Also adds operator setup documentation at `docs/references/gcp.md` (linked from `docs/getting-started.md`) covering authentication (ADC / service-account key), project-ID resolution order, required IAM roles, L4 GPU quota and zone list, NIM-step `NGC_API_KEY` handling, GPU-image default + how to override for Docker-based tests, and org-policy considerations operators commonly need to check before a clean run. GCP gets its own reference page rather than mixing into `references/aws.md` since AWS is treated as the canonical oracle example; future target NCPs follow the same per-NCP pattern.
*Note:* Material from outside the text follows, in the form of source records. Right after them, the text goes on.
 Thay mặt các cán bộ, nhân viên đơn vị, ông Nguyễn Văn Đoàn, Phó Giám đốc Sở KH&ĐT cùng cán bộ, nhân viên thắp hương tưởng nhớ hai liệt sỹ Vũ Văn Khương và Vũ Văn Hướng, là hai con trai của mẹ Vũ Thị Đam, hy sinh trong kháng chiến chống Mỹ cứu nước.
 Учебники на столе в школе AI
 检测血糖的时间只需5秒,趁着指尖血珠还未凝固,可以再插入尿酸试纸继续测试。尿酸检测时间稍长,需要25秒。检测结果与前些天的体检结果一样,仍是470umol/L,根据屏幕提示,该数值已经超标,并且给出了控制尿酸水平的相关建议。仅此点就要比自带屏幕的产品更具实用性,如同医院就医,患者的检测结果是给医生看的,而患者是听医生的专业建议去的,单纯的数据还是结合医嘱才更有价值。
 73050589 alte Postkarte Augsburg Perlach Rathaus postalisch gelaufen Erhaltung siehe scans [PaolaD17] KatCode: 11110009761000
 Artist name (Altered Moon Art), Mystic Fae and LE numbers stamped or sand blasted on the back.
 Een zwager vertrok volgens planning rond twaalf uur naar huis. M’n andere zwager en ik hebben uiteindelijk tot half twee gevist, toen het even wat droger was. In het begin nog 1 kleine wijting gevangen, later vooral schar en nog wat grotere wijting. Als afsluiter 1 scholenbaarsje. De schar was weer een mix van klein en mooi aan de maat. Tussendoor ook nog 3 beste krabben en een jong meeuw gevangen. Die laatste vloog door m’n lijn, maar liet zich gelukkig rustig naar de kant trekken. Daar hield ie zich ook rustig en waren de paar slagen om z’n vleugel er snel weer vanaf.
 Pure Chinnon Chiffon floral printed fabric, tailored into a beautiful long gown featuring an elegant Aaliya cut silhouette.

The default `--image-project` / `--image-family` are the public GCP Deep Learning VM Image (`deeplearning-platform-release/common-cu129-ubuntu-2204-nvidia-580`) so a clean checkout can run the VM suite without any private-image entitlement. The DLVM ships with the NVIDIA driver + CUDA toolkit; operators who need Docker (for the `deploy_nim` step) override the default by exporting `GCP_VM_IMAGE` / `GCP_VM_IMAGE_PROJECT` in their shell / `.env` (the provider config reads both via Jinja, identical pattern to the existing `GCP_VM_SKIP_TEARDOWN` precedent), or skip NIM by leaving `NGC_API_KEY` unset (the shared script short-circuits cleanly). `--set image=... --set image_project=...` is also accepted for one-off ad-hoc invocations.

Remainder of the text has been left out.